NEW POLL: Gardner Trailing Hickenlooper Among Unaffiliated Voters by 29%, Even Behind Trump
GOP strategist says “unaffiliated voters are all that matter,” but Gardner “flatly outnumbered” by independent voters
Denver, CO – Morning Consult released a new poll today that shows Senator Cory Gardner trailing 29 points to former Governor Hickenlooper with unaffiliated voters, who make up more than 40% of the state’s electorate. Gardner, whose support is at a failing 39 percent with Colorado voters, is winning even fewer votes than President Trump — who lost Colorado in 2016 by five points and has essentially written off Colorado as a winnable state.
Gardner has consistently been underwater in this election, and his support among key unaffiliated voters is 10 points lower than his favorability with the same group last month. Republican strategists know that “unaffiliated voters are all that matter,” but see the writing on the wall and admit that it could be “impossible for Cory to win.”
The fact that Gardner trails Trump shows that his weaknesses go beyond his tight-knit relationship with the president.
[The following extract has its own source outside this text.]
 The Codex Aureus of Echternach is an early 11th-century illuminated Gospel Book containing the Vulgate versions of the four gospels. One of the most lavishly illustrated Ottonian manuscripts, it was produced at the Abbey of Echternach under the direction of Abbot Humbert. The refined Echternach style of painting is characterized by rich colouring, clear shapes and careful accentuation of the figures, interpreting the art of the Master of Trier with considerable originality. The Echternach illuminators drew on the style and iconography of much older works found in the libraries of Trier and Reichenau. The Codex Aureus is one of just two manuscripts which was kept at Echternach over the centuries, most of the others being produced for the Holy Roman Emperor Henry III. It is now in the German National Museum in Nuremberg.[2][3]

Today the Colorado Democratic Party launched a new website to show Coloradans how Gardner has failed them, from trying to rip their health care away to selling out our public lands: CoryFailedColorado.com.
Read highlights of the poll below or the full article HERE.
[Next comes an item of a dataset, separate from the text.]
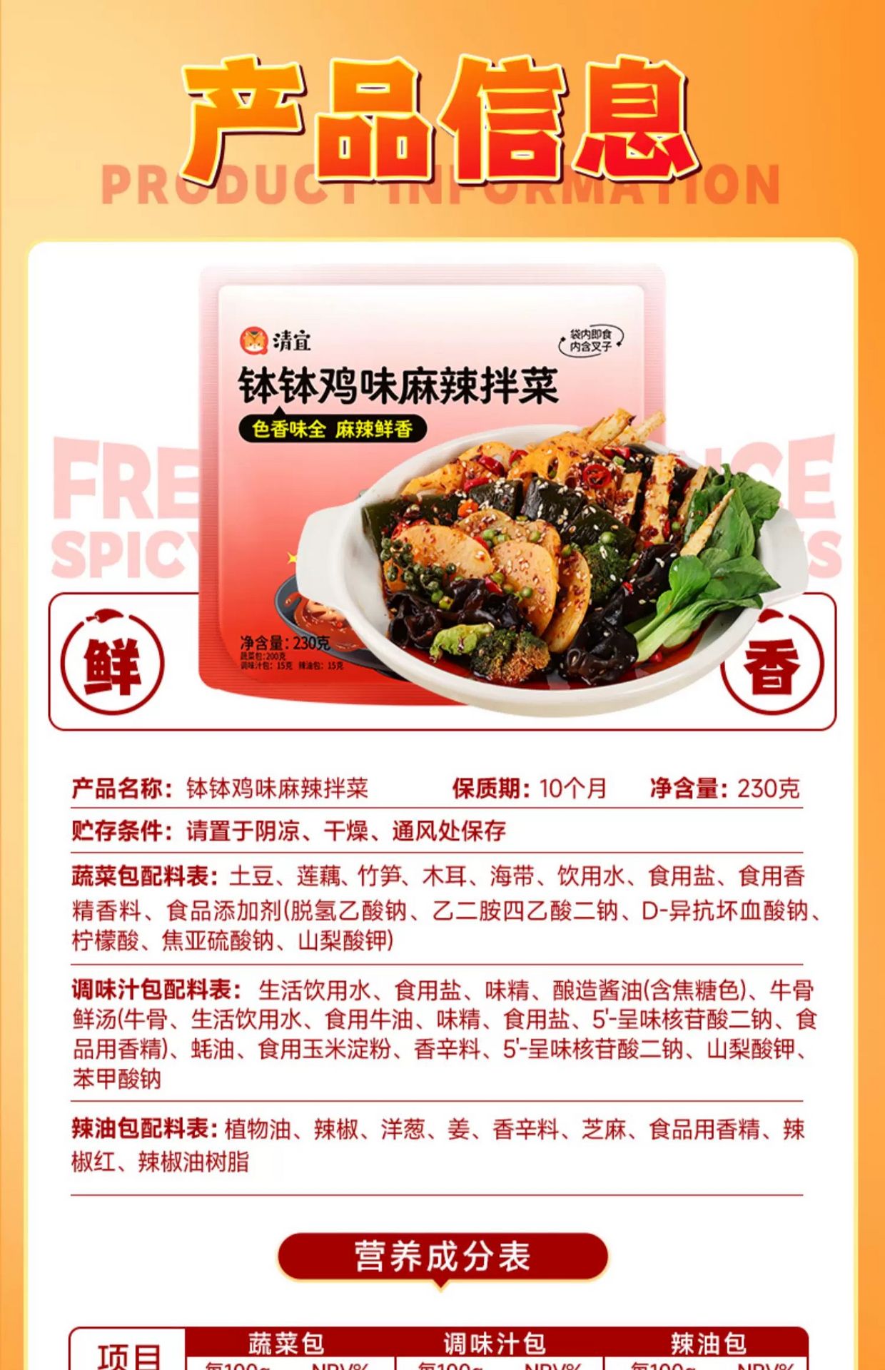 清宜麻辣拌菜 鉢鉢雞味免煮即食230g*2 460 克

Morning Consult: Gardner ‘Flatly Outnumbered’ by Independents as He Seeks Re-Election in Colorado Senate Race
Hickenlooper holds 29-point lead over GOP incumbent with unaffiliated voters, who make up more than 40% of the state’s electorate
By Eli Yokley | September 3, 2020
Colorado Sen. Cory Gardner has a math problem.
The most vulnerable Republican up for re-election this fall boasts stronger support among the party’s base than most of the other GOP Senate contenders this year, but he is being lapped by Democratic rival and former Gov. John Hickenlooper among independents, who make up the lion’s share of the state’s active voter rolls.
“The unaffiliated voters are all that matter, especially in a hyperpolarized environment where you can count on your base to show up,” said Ryan Winger, director of data analysis and research projects at Magellan Strategies, a Republican polling firm.
August data compiled by Colorado’s secretary of state shows roughly 42 percent of the state’s electorate does not identify with either of the two major political parties. Morning Consult’s daily tracking among likely voters from Aug. 21-30 shows Hickenlooper leading Gardner by 29 percentage points, 54 percent to 25 percent, among independents — roughly in line with his average standing with the sizable group since the tracking began more than two months ago.
Overall, the polling of 638 likely voters found Gardner trailing Hickenlooper in the Centennial State by 9 points, 39 percent to 48 percent, which tracks with his average deficit over the past month and mirrors the top-of-the-ticket contest between President Donald Trump and Democratic presidential nominee Joe Biden.
Laura Chapin, a Colorado-based Democratic strategist, said that despite Gardner’s strength among Republicans, the composition of the state’s electorate makes him “flatly outnumbered.”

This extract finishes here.